October 31st, 2014 is a day I will remember forever. My father had been dismissed from the hospital with acute kidney damage, but was still sick. Brought home by EMTS, they stood in the family room for over an hour telling me, “You can send him back to the hospital any time. We can take him to a different hospital.” The next morning he was back in another hospital diagnosed with pulmonary embolisms, asphyxiation pneumonia, fluid in his hearts and lungs, and several other diagnosis. He almost died in the hospital that afternoon. Suddenly, the doctors and nurses were surrounding me, asking, “Does he have an advance directive? What are his wishes?” Thankfully, I was able to pull out an advance directive and a power of attorney to help honor his wishes. But, what if I hadn’t had this? I would have been guessing what he wanted.
Having a conversation on future wishes is important, but difficult. When I first noticed my dad was declining, I approached him to ask him his wishes. I didn’t want to ask. Who wants to talk about dying? I wasn’t even sure how to begin the conversation. I started by researching advance directives so I could present unbiased facts to my dad.

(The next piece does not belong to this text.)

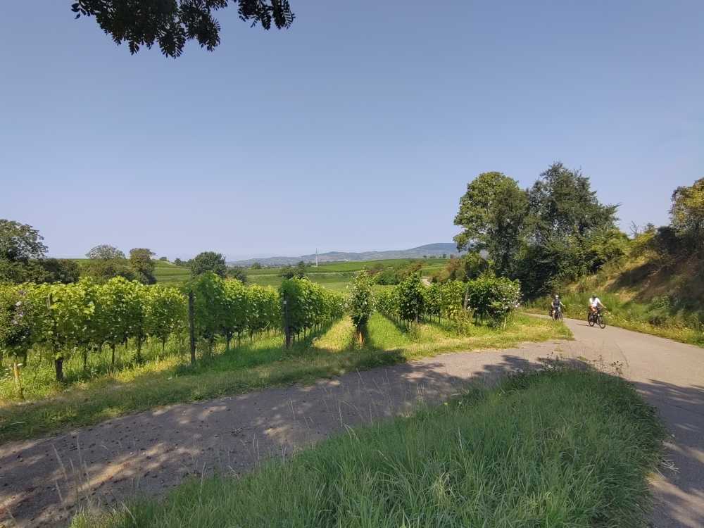 Un itinéraire tranquille, à peine vallonné. Le franchissement du Rhin se fait à Breisach am Rhein. La difficulté est presque de choisir son itinéraire: quand on regarde la carte sur OpenStreetMap, que de choix d’itinéraires cyclables! J’ai fait de la plaine et un peu de colline parmi les vignes.

I told him how I wanted to respect his wishes, but while I could try, without the advance directive, I might forget under duress. I reminded him the hospital was required to do life savings procedures. Then, I gave him a few days to think about all the facts. He didn’t want to do this at first, but after regular reminders from me, we made an appointment with the lawyer to set a plan in place. It’s been a life saver during the past eleven days.
I invite you to connect to the Care Conversations page to learn more before you need these documents.
I think this is an important discussion, even though it’s hard. My great-grandmother actually planned everything down to the last detail in advance. My aunt helped her. She didn’t want her children to worry about anything when her time came.
It is always good to have a plan. Even though it isn’t so fun to talk about.
This is so important I remember having this conversation with my mom at 16 when she was dying. Its tough, but I think its a must have conversation.
I thought I was going to have to make a decision with my father whether he lived or died. Luckily he began waking up that day. It’s horrible to think about the decisions we may have to face.
Thank goodness I don’t currently have a need to have a conversation like this soon, but it’s always best to have regardless. So sorry for everything you had to endure.
This is a VERY important conversation to have. I just wanted to mention that not all states require this to be done through an attorney. In my state there is a form available from the state web site. It can be filled out at home and then notarized. It was very easy.
Oh wow, I’m sorry for your loss. This s definitely an unfortunate but necessary conversation.
Thank you for this! My husband and I were just talking about this very subject the other day!
This a very important conversation to have with your loved ones. I can be difficult to talk about but it is so important.
This is an important conversation to have with our aging parents. Even though we don’t want them to go we still have to be ready as best we can. Thank you for this post.
This is such an important subject because who wants to have to discuss those things during life or death situations? It’s so hard to have those kinds of conversations beforehand but so necessary. Thanks for the reminder.
It’s so important to have these crucial conversations with loved ones before tragedy strikes. They are not always easy to have but they are necessary.
It must be really hard putting all those things into place – but such a good thing when in such situations – I have to admit I have no idea what my parents would want. although I do think they have written it all down.
I have known people who have everything ‘together’ way before time, and those that were still in denial after a Dr had given a terminal illness diagnosis.
Every family member should know what a parent wants, every spouse should know what their partner wants beforehand. Granted things can change, but a power of attorney helps.
I hope your Dad improves !
My mom is terminally sick and I don’t think I even really know what she wants. I’ll have to get my big brother to look into this. Thank you for sharing.